BATESVILLE — History will come to life March 31 during Home School Day at the Old Independence Regional Museum.
Dressed in period costumes, Deb Lewis of Conway and Sharlene Richardson of Little Rock, members of a living history group called History Helpers, will present a program on the Hunter-Dunbar Expedition of 1804. This expedition was one of four commissioned by President Thomas Jefferson to explore the newly acquired territory called the Louisiana Purchase.
Led by Dr. George Hunter and William Dunbar, members of this
expedition explored what is now northern Louisiana and Arkansas along the “Washita” (Ouachita) River to the “hot springs.”
Jefferson also sent Meriwether Lewis and William Clark to explore the Mississippi River and the northern regions of the territory. Zebulon Pike was sent to explore the Rocky Mountains and the southwest, and Thomas Freeman and Peter Custis explored the Red River.
Amanda Nikkel, humanities educator and volunteer coordinator at the museum, said there is a limit of 60 participants for the Home School Day event.

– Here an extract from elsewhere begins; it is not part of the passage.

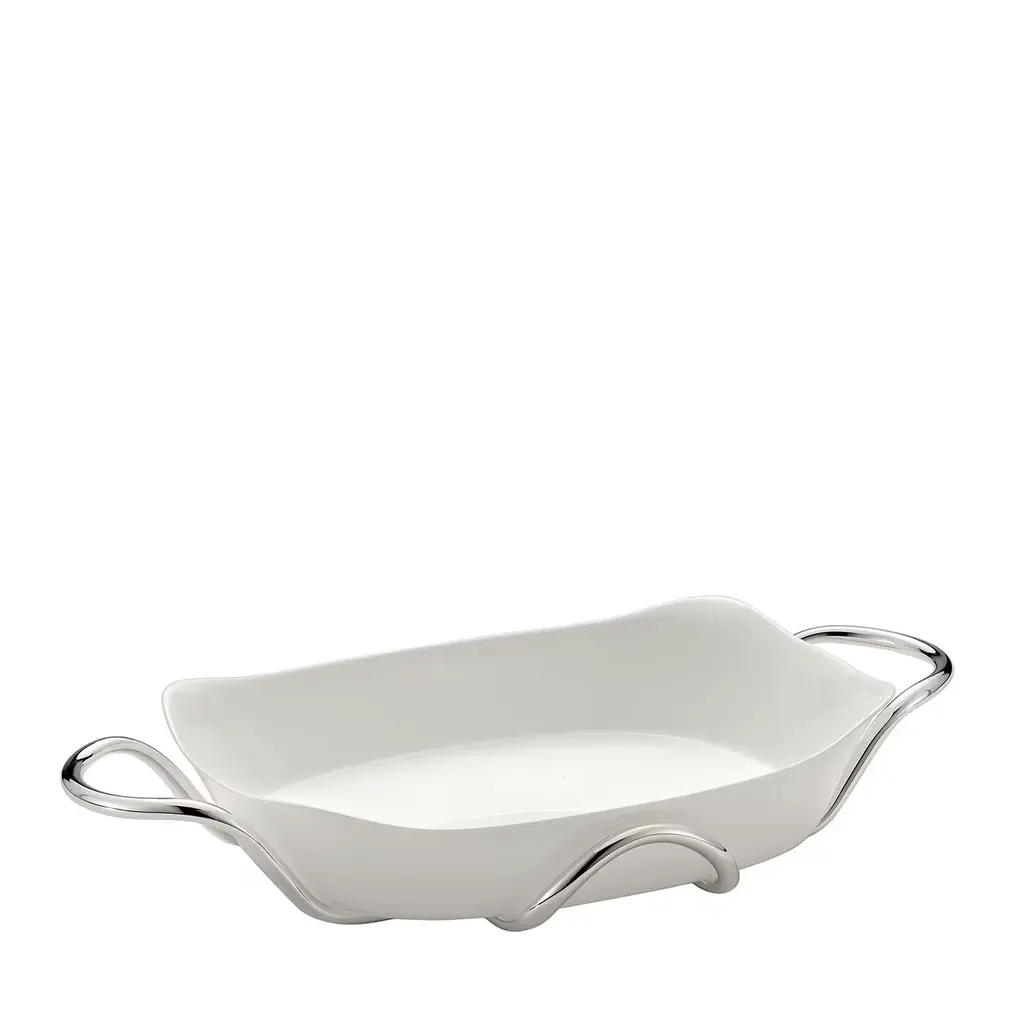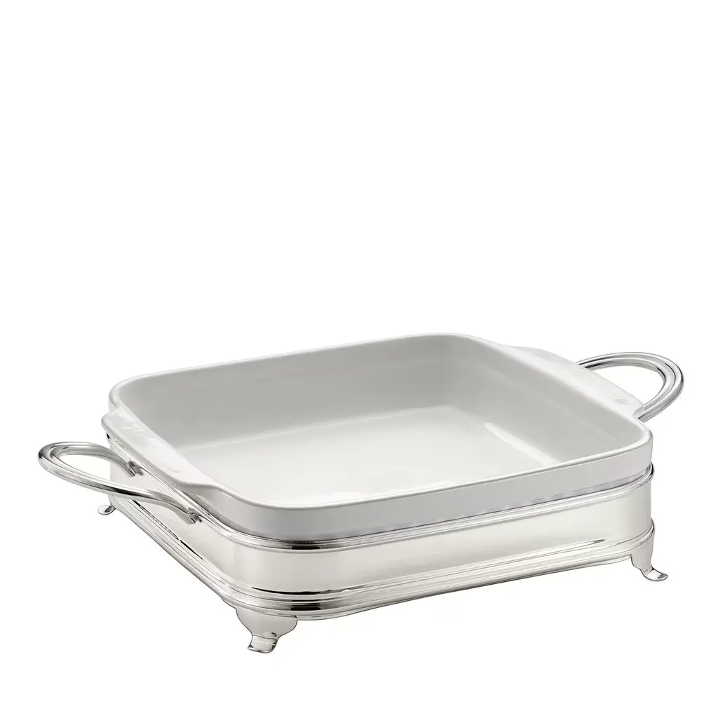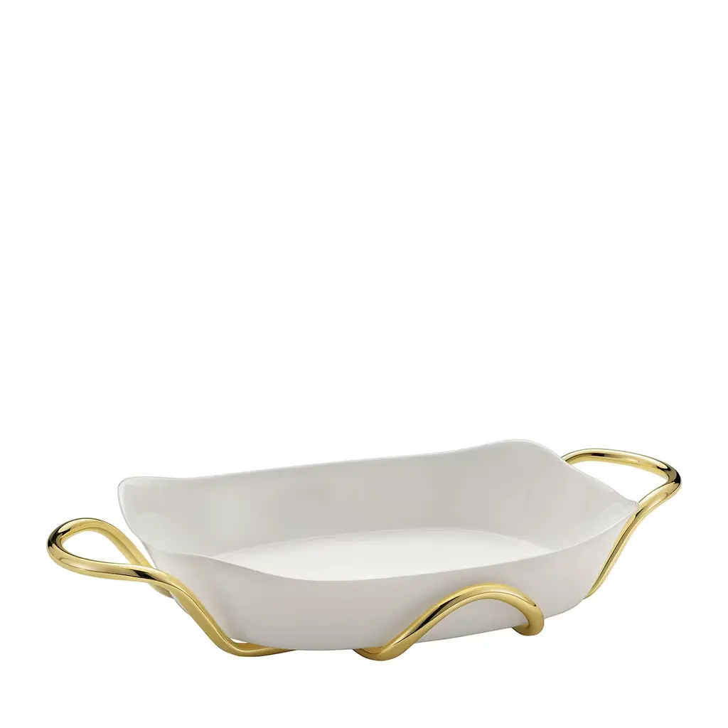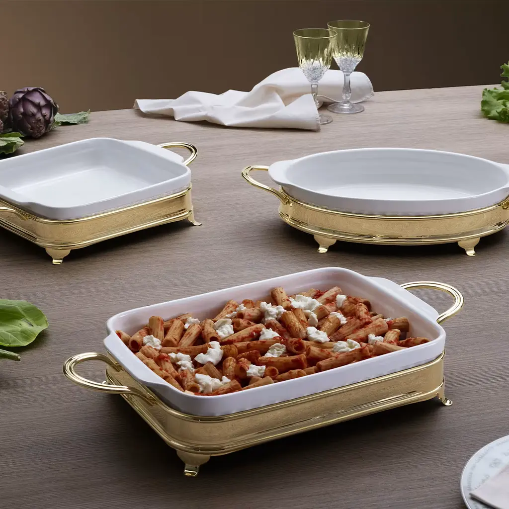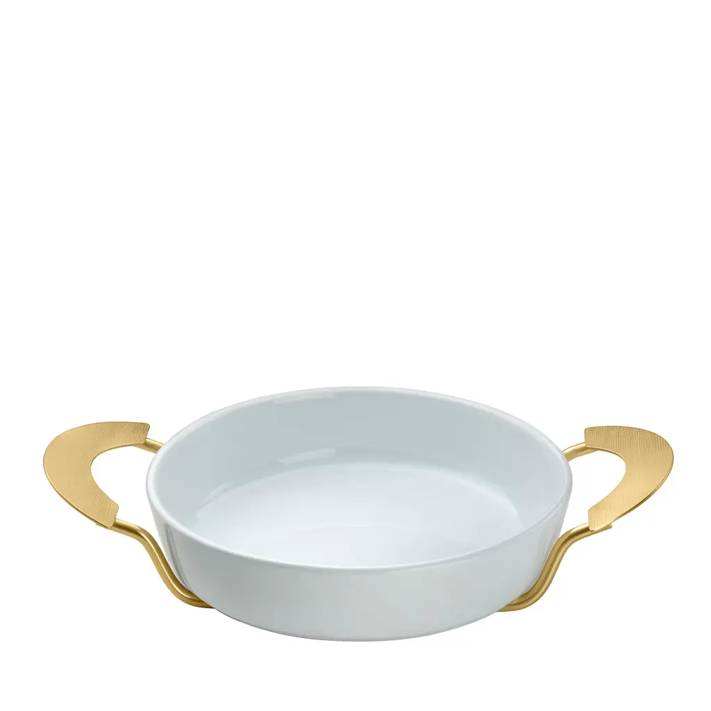 This superb set comprised of a white ceramic baking dish and its holder was designed for serving hot food without compromising on refinement or luxury. Fashioned of brass and offered in a gleaming golden finish, the holder features two practical handles and four tiny feet that avoid direct contact with the table. Oval and rectangular counterparts are available in the Artemest catalog.

“In the past, home school days have met capacity before the day of the program,” Nikkel said. “Anyone interested in participating will want to reserve a space soon.”
To reserve a space, call (870) 793-2121.
“We are so pleased to be able to bring History Helpers to Batesville, and give our local home-schoolers the opportunity to learn about the Louisiana Purchase exploration from another expedition and in a real, concrete way,” Nikkel said.
Lewis said this would be the first time for History Helpers to visit the Batesville museum. “We are happy to be going there,” she said.
Lewis said she and Richardson will assemble a flatboat and show the students how members of the Hunter-Dunbar expedition traveled up the Ouachita River, which is a tributary of the Red River, to what is now known as Hot Springs National Park.
“We start with the sail up and show the students how to move ‘up’ river,” Lewis said. “The Ouachita River is like a snake. Sometimes, they had to take the sail down and use oars to move the boat. When the water got too shallow, they had to use poles to push the boat through the water or ropes to pull the boat through those shallow spots.”
She said the students would be able to participate in the demonstration by learning how to use the oars and poles.
Richardson said the program would also include a discussion of the scientific data gathered by Hunter and Dunbar. “Jefferson asked them to look for minerals, animals, plants and people,” she said, noting they show a black bear skin as they discuss the animals that were seen on the expedition, as well as salt, which was one of the minerals they found.
Lewis said the expedition included Hunter and Dunbar, with three of Dunbar’s slaves, as well as 12 soldiers and their sergeant. The expedition began on Oct. 16, 1804, from Natchez, Miss., and entered what is present-day Arkansas on Nov. 22, 1804, near what is known today as Camden. They returned to Natchez on Jan. 31, 1805.
Lewis, Richardson and another friend, Debra Browning of Benton, started History Helpers in 2006. All three previously worked at the Historic Arkansas Museum in Little Rock. They travel to schools and other organizations to present their programs, which are tailored to their audiences’ needs. Their programs span from 1783 up to the 1940s. They do charge a fee for the programs.
“History Helpers was formed out of our passion to learn history and our desire to teach it in such a way as to inspire that passion in others,” Lewis said. “We encourage students of all ages to imagine how they, themselves, would have lived ‘back then.’
“More than just names, dates and places, we offer students things for them to see, to touch, to smell, to listen to and, on occasion, to taste. They hear how people treated each other and what they expected from one another. They see up close how objects were made or used and, often, they get to try them out for themselves. We offer bits of the day-to-day lives of ordinary people and strive to make history into something meaningful to modern minds. We hope to teach others that, by learning about the skills and creativity of those who came before us, we can better understand our own potential.”
For more information on History Helpers, contact Lewis at firstname.lastname@example.org or Richardson at email@example.com.
Nikkel said this humanities program at the Old Independence Regional Museum is made possible, in part, by a grant from the Arkansas Humanities Council and the National Endowment for the Humanities, by local support from Independence County and the city of Batesville, as well as by Challenge Grant Endowment funding from the National Endowment of the Humanities. Any views, findings, conclusions or recommendations expressed in this program do not necessarily represent those of the National Endowment for the Humanities.
Old Independence serves a 12-county area — Baxter, Cleburne, Fulton, Independence, Izard, Jackson, Marion, Poinsett, Sharp, Stone, White and Woodruff. Parts of these present-day counties comprised the original Independence County in the 1820s Arkansas territory.
Normal museum hours are 9 a.m. to 4:30 p.m. Tuesday through Saturday and 1:30-4 p.m. Sunday. Admission is $3 for adults, $2 for seniors and $1 for children.
The museum is at 380 S. Ninth St., between Boswell and Vine streets in Batesville.